We have blogged previously about two interesting challenges that present themselves when you get into the nitty-gritty of building a multi-modal search system:
1) Detecting landmasses. Accurate routing needs to be aware of landmasses and islands, and what is connected to what by land, road, ferry and air.This is critical for finding all possible routes between points, and what combination of ferries and flights will make that connection possible.
2) Political borders. Certain borders cannot be easily crossed; suggesting a driving route from South Korea to North Korea is both unrealistic and an embarrassing user experience. Similar complexities exist in places such as Israel, Pakistan, and Afghanistan.
Political data is also important for displaying accurate place names in our geocoder system. For example, North Elizabeth Station is located in New Jersey state in the USA, hence the fully qualified name of North Elizabeth Station, NJ, USA.
This week we launched significant improvements to the accuracy of our internal system for detecting both landmasses and political regions. Our original implementation utilized data from the Natural Earth dataset, however this data was limited by insufficient resolution and some landmasses were missing. We have now transitioned to the more comprehensive Open Street Maps (OSM) planet data.
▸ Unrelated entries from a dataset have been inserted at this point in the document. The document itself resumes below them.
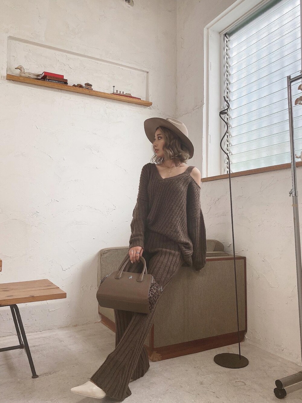 Misa(GYDA)のニット/セーター「【SETUP着用可】ワンショルメランジヤーンLOOSEニットTOPS」を使ったコーディネート
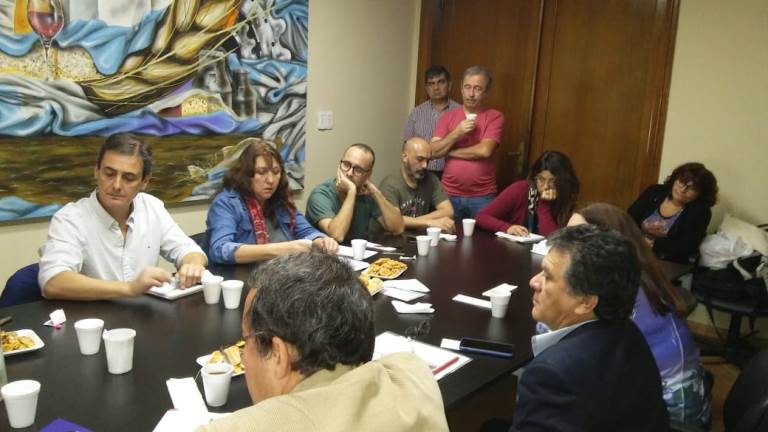 solis-prensa-1- El presidente de la Comisión de Asuntos Laborales, Gremiales y de Previsión, el socialista Miguel Solis, acompañado por sus pares Verónica Benas(Pares) y Carlos del Frade(FSP), se reunió en Rosario, en el anexo de la Cámara de Diputados, con representantes del Sindicato de Prensa Rosario, locutores, delegados y empleados de la emisora LT3.
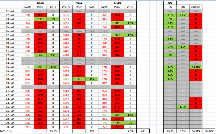 Конечно же, полностью не думать о покере не вышло. Но румы до ноября не открывал. По месяцу профит вышел в районе баксов 300 - RBC, ЛБ, сундуки. Со столов около нуля. Конкретно уже не посчитать(
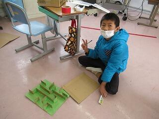 保育園生が楽しく遊んでくれるおもちゃを工夫して作っています。失敗することもありますが、作り直しをしながらどんどん完成に向かっています。
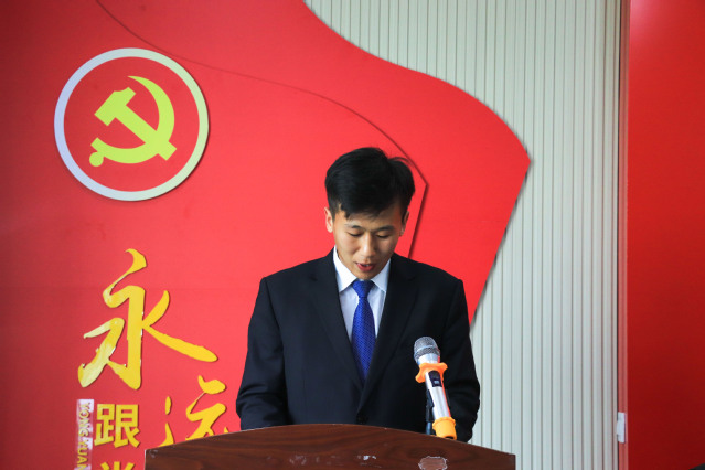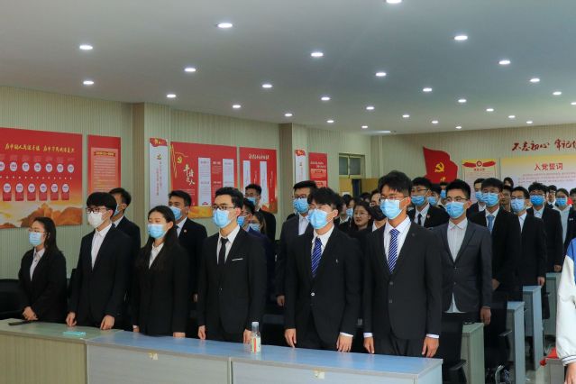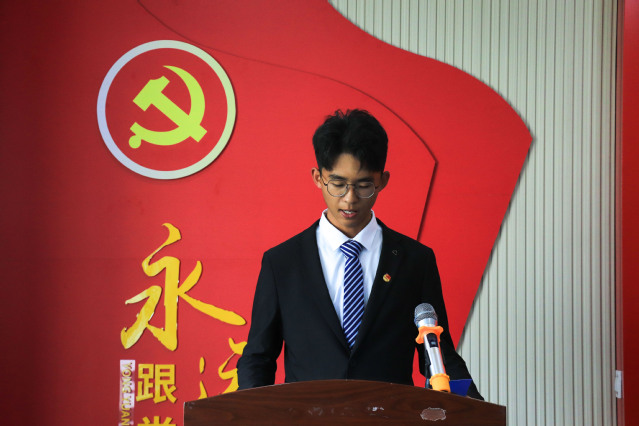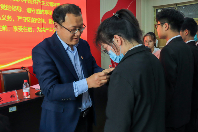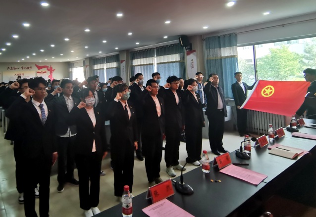 颁奖环节结束后,举行2021年度公司新发展团员入团仪式。与会领导老师为12名新发展团员佩戴团徽、颁发《中国共产主义青年团章程》,团总支书记高萌带领宣誓,新老团员面向团旗,紧握右拳庄严宣誓。能动2001班陶认知代表新团员发言,表示将以入团为新起点,刻苦学习,努力奋斗,发挥先锋模范作用,用实际行动践行入团誓言。

The difference is illustrated in the maps below of the Puget Sound area near Seattle, with each landmass represented by a unique color. The original data (left) has much smoother, lower resolution coastlines that are missing much of the detail in the landmass shapes. Some of the smaller islands are completely missing. The new OSM data (right) is more detailed and includes the smaller islands.
Steilacoom to Anderson Island is an example query that has been improved. The original, low resolution data caused the routing system to suggest a ferry to nearby Ketron Island instead of Anderson Island (left). The new data fixes this problem (right).
On the political front, Cairo to Amman was a problematic query where Rome2rio suggested driving through Israel (left). The more popular Taba-Aqaba ferry route is now displayed (right) as well as various bus and ferry combinations.
Whilst developing the new technology, Miles on our team also tackled the engineering challenges involved with implementing a system for very fast lookups of this data. Each lookup provides the landmass and political information for a latitude / longitude co-ordinate, and a search on the Rome2rio site requires thousands of such lookups.
Miles learnt a few interesting facts in the process:
- The OSM data contains 497,040 separate landmasses (that is, land with a closed coastline).
- 89% of those landmasses have a coastline perimeter of less than 2 kilometers.
- The longest bridge between two landmasses is the Donghai Bridge near Shanghai.
- The region with the greatest density of separate landmasses is around Horsey Island in the UK.
We will continue geeking out on geospatial data as we keep refining Rome2rio’s search results.